Bug 1940795: Don't tear aligned subwords in AtomicMemcpy. r=spidermonkey-reviewers,jandem

anba · anba · commit ecf9a0d48100 · 2025-01-14T09:01:35.000Z
Reads/writes to integer typed arrays mustn't tear, so they can't be split into single byte operations. Replace single byte copy loops with `AtomicCopy{Down,Up}NoTearIfAlignedUnsynchronized`, which performs additional checks when aligned word or dword copying is needed. Test262 tests: <tc39/test262#4369> Differential Revision: https://phabricator.services.mozilla.com/D233710
diff --git a/js/src/jit/GenerateAtomicOperations.py b/js/src/jit/GenerateAtomicOperations.py
@@ -664,6 +664,9 @@ def gen_copy(fun_name, cpp_type, size, unroll, direction):
             if size == 1:
                 insns += fmt_insn("movb OFFSET(%[src]), %[scratch]")

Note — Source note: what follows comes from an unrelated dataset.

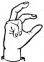 На ћирилици написано ТРЊИНА БЗЕНИЧАНИН састоји се из 16 слова [?]. Исписано ћириличном једноручном азбуком за глувонеме:

                 insns += fmt_insn("movb %[scratch], OFFSET(%[dst])")
+            elif size == 2:
+                insns += fmt_insn("movw OFFSET(%[src]), %[scratch]")
+                insns += fmt_insn("movw %[scratch], OFFSET(%[dst])")
             elif size == 4:
                 insns += fmt_insn("movl OFFSET(%[src]), %[scratch]")
                 insns += fmt_insn("movl %[scratch], OFFSET(%[dst])")
@@ -675,6 +678,12 @@ def gen_copy(fun_name, cpp_type, size, unroll, direction):
             if size == 1:
                 insns += fmt_insn("ldrb %w[scratch], [%x[src], OFFSET]")
                 insns += fmt_insn("strb %w[scratch], [%x[dst], OFFSET]")
+            elif size == 2:
+                insns += fmt_insn("ldrh %w[scratch], [%x[src], OFFSET]")
+                insns += fmt_insn("strh %w[scratch], [%x[dst], OFFSET]")
+            elif size == 4:
+                insns += fmt_insn("ldr %w[scratch], [%x[src], OFFSET]")
+                insns += fmt_insn("str %w[scratch], [%x[dst], OFFSET]")
             else:
                 assert size == 8
                 insns += fmt_insn("ldr %x[scratch], [%x[src], OFFSET]")
@@ -683,6 +692,9 @@ def gen_copy(fun_name, cpp_type, size, unroll, direction):
             if size == 1:
                 insns += fmt_insn("ldrb %[scratch], [%[src], #OFFSET]")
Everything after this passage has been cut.